GIVEN DATA:
· · · · ·
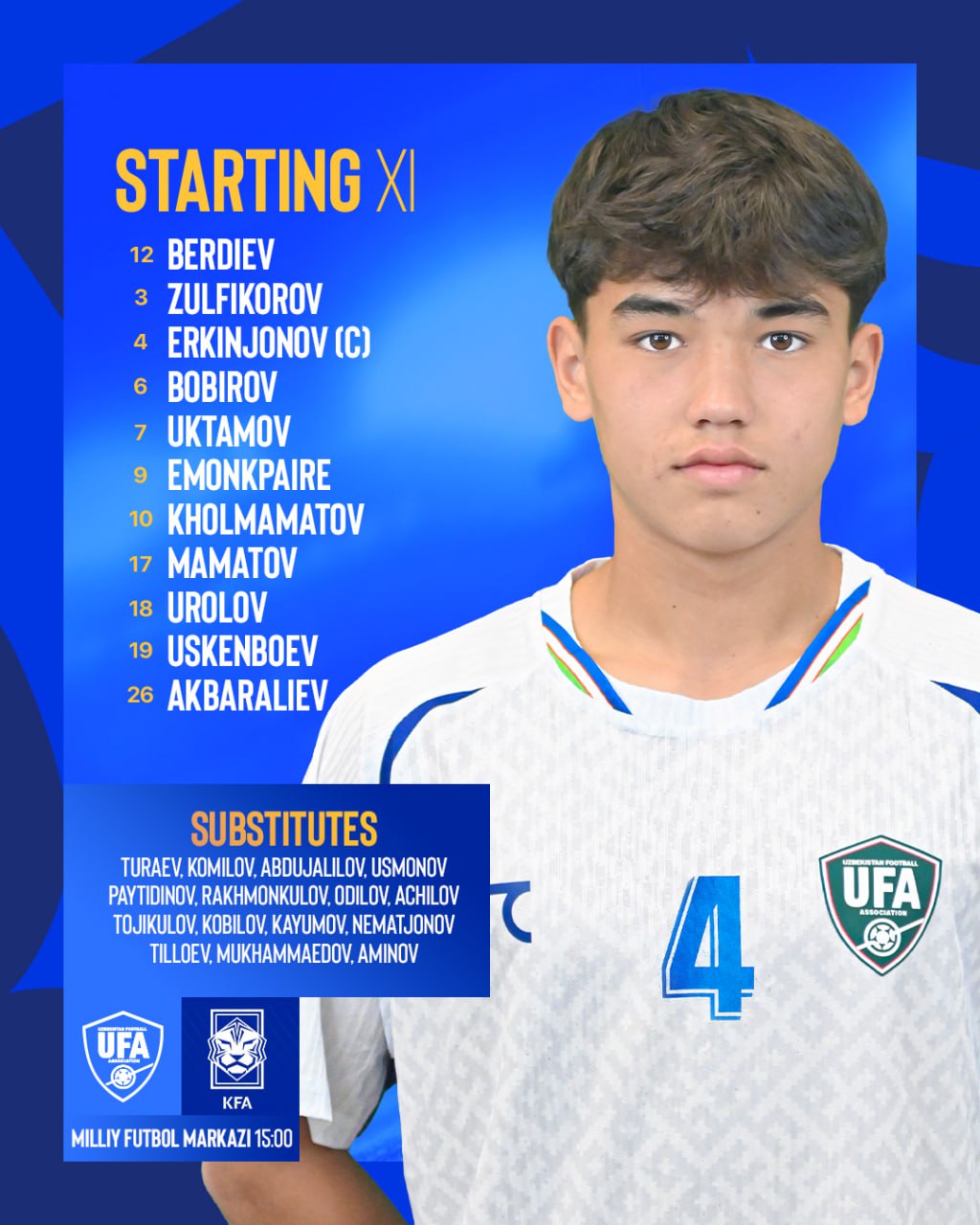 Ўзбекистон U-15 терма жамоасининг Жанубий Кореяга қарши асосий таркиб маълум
· · · · ·
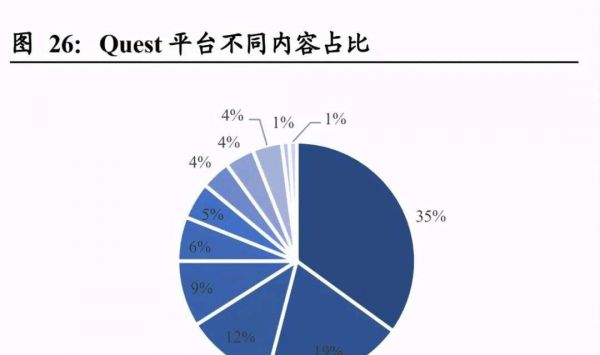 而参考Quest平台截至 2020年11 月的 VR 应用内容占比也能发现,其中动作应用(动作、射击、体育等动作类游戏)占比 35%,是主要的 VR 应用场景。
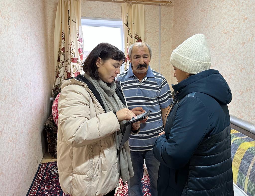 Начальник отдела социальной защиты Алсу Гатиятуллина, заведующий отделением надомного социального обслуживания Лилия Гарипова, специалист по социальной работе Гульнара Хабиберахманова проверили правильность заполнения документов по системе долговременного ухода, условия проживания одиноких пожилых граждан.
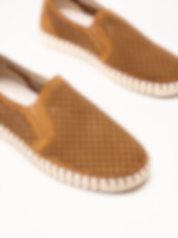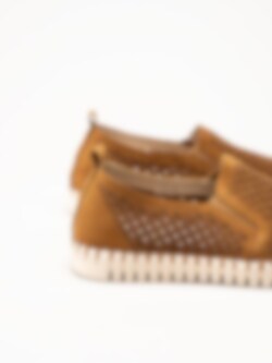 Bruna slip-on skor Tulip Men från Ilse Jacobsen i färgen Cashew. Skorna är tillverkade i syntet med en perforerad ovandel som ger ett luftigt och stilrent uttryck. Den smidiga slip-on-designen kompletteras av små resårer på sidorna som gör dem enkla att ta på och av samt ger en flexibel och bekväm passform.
· · · · ·
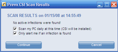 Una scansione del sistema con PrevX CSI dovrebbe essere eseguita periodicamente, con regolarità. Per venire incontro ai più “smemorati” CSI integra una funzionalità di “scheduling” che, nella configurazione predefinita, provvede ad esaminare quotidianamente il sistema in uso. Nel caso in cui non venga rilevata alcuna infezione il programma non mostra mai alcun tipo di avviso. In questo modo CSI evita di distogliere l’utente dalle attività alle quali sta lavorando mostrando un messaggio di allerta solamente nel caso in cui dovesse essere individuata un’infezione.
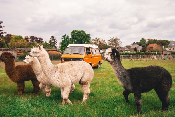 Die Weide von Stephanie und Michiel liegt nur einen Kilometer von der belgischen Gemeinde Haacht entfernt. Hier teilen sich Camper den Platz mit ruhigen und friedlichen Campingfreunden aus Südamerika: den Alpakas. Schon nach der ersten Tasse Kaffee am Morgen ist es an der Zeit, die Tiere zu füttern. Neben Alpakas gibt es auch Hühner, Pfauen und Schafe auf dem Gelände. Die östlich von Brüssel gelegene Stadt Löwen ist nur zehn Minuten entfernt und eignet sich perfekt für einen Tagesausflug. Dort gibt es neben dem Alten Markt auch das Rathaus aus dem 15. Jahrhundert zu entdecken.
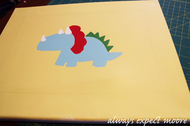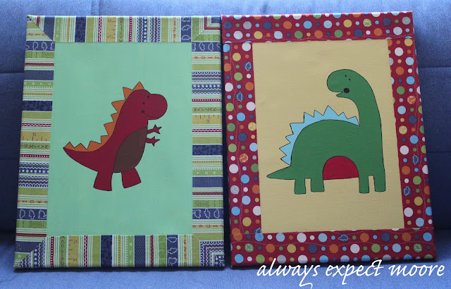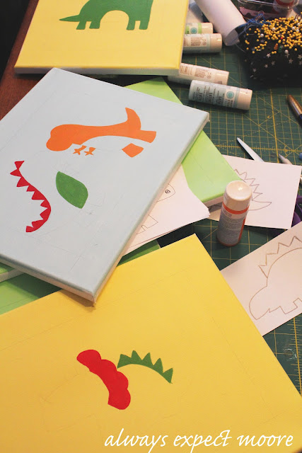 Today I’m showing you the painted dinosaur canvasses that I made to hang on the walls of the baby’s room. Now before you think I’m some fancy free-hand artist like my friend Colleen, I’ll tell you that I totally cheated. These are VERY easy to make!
· · · · ·
THE PROBLEM: In the data above, start at the line holding "而参考Quest平台截至 2020年11 月的" and stop after the line holding "Начальник отдела социальной"; write out those lines exactly, without pictures.

EXERCISE OUTPUT:
 而参考Quest平台截至 2020年11 月的 VR 应用内容占比也能发现,其中动作应用(动作、射击、体育等动作类游戏)占比 35%,是主要的 VR 应用场景。
 Начальник отдела социальной защиты Алсу Гатиятуллина, заведующий отделением надомного социального обслуживания Лилия Гарипова, специалист по социальной работе Гульнара Хабиберахманова проверили правильность заполнения документов по системе долговременного ухода, условия проживания одиноких пожилых граждан.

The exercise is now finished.